> _BRIEF_
Ignoring pictures, transcribe exactly the lines between the one containing "SANRIO - Hello" and the end of the material, both included.
--- PROVIDED DATA Enclosed Below ---
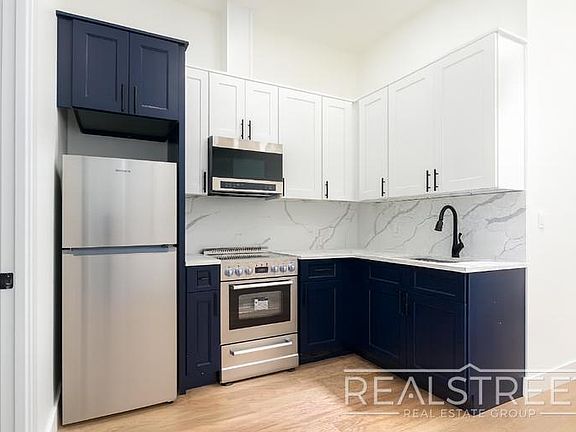 This grand, modern 4-bedroom, 1.5-bath floor-thru offers style and comfort in the heart of Bushwick. The open-concept kitchen boasts sleek, shaker cabinets, stainless steel appliances, and Quartz Carrara countertops. The bright living room features tall ceilings, recessed LED lighting, Bluetooth surround sound, wide-plank white oak floors, and access to a private balcony.
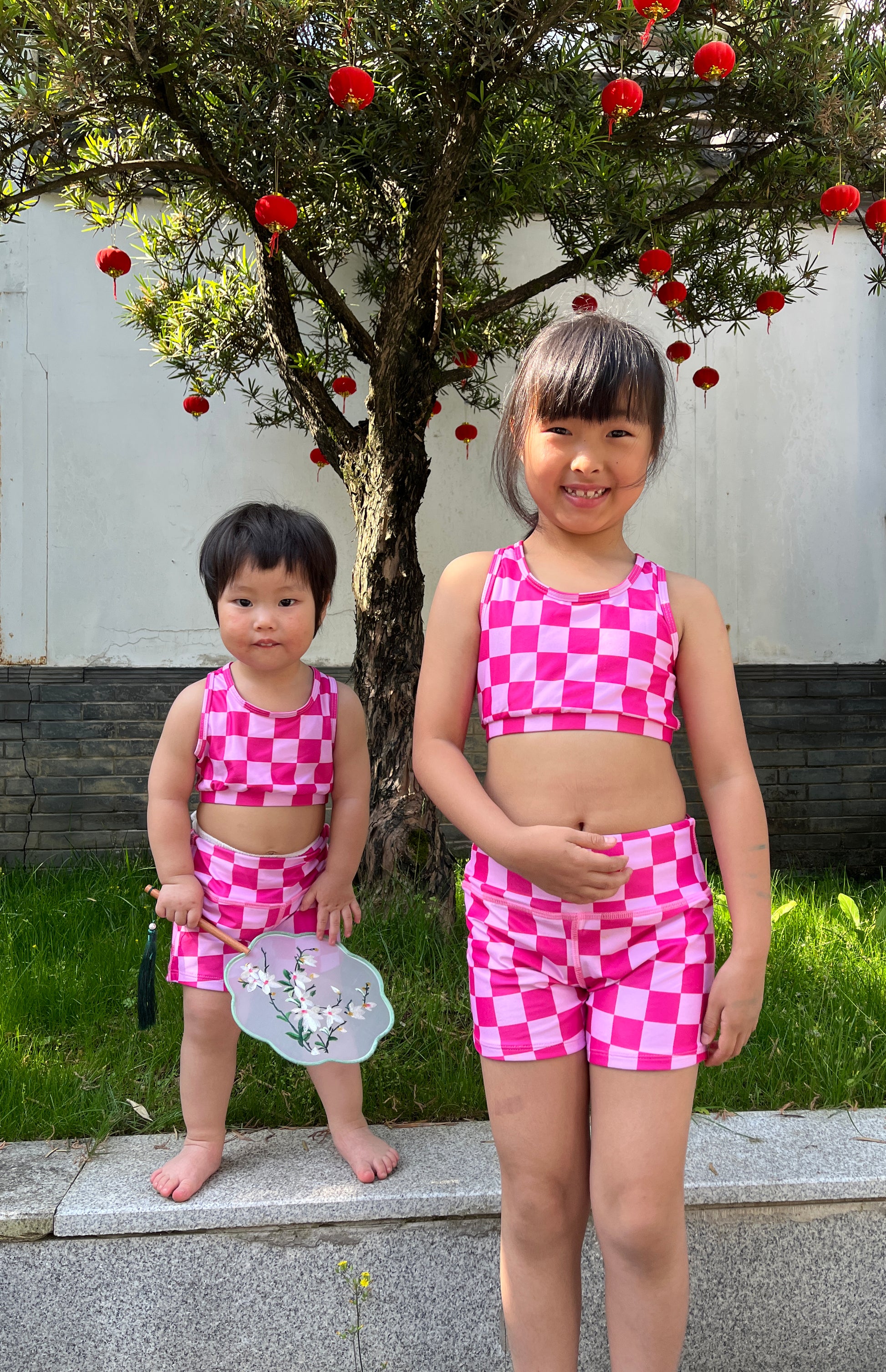 GSSO0905 Hot Pink Plaid Print Girls Summer Clothes Set
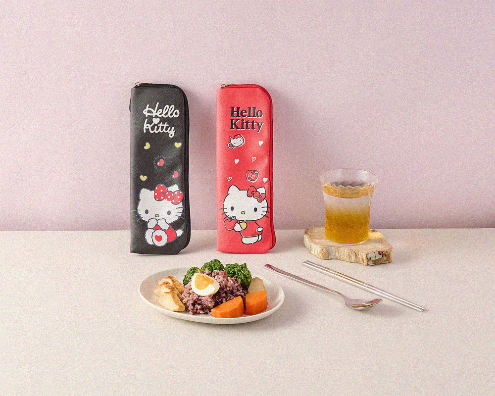 SANRIO - Hello Kitty Simple Cutlery Set - Black Heart Design (Two Pieces)
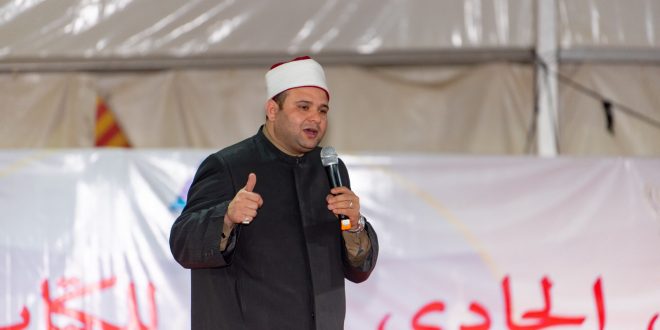 ومن جانبه قال الشيخ حازم جلال، إمام وخطيب مسجد الحمد بالقاهرة، إن الاسلام دين لا يعرف التطرف، ولا العصبية، ولا الجاهلية، فهو السلام، مشتق من اسم الله السلام، وكلمه سلام وردت في ٩٠ موضوع في القرآن الكريم، بينما وردت كلمة حرب ٤ مرات.
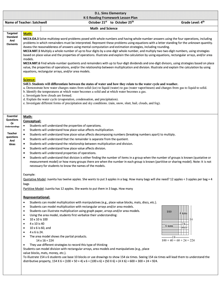 Name of Teacher: Satchell D.L. Sims Elementary K5 Reading Framework Lesson Plan October 21st to October 25th Grade Level: 4th Math and Science Targeted Standard And Elements Math: MCC4.OA.3 Solve
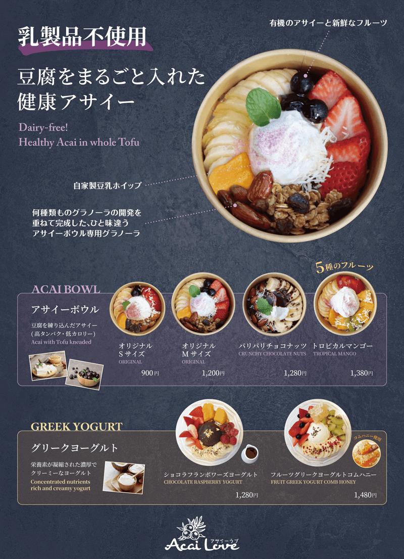 幸せのパンケーキから、新ブランド誕生。 乳製品不使用、豆腐をまるごと入れたアサイーや、コムハニーを贅沢にトッピングしたグリークヨーグルト。 アサイーラブ 梅田店、横浜店、船橋店、神戸店、札幌店NEW OPEN アサイーラブ 名古屋店 11/10 14時プレオープン
--- End of Enclosed PROVIDED DATA ---
> _WORKED SOLUTION_
 SANRIO - Hello Kitty Simple Cutlery Set - Black Heart Design (Two Pieces)
 ومن جانبه قال الشيخ حازم جلال، إمام وخطيب مسجد الحمد بالقاهرة، إن الاسلام دين لا يعرف التطرف، ولا العصبية، ولا الجاهلية، فهو السلام، مشتق من اسم الله السلام، وكلمه سلام وردت في ٩٠ موضوع في القرآن الكريم، بينما وردت كلمة حرب ٤ مرات.
 Name of Teacher: Satchell D.L. Sims Elementary K5 Reading Framework Lesson Plan October 21st to October 25th Grade Level: 4th Math and Science Targeted Standard And Elements Math: MCC4.OA.3 Solve
 幸せのパンケーキから、新ブランド誕生。 乳製品不使用、豆腐をまるごと入れたアサイーや、コムハニーを贅沢にトッピングしたグリークヨーグルト。 アサイーラブ 梅田店、横浜店、船橋店、神戸店、札幌店NEW OPEN アサイーラブ 名古屋店 11/10 14時プレオープン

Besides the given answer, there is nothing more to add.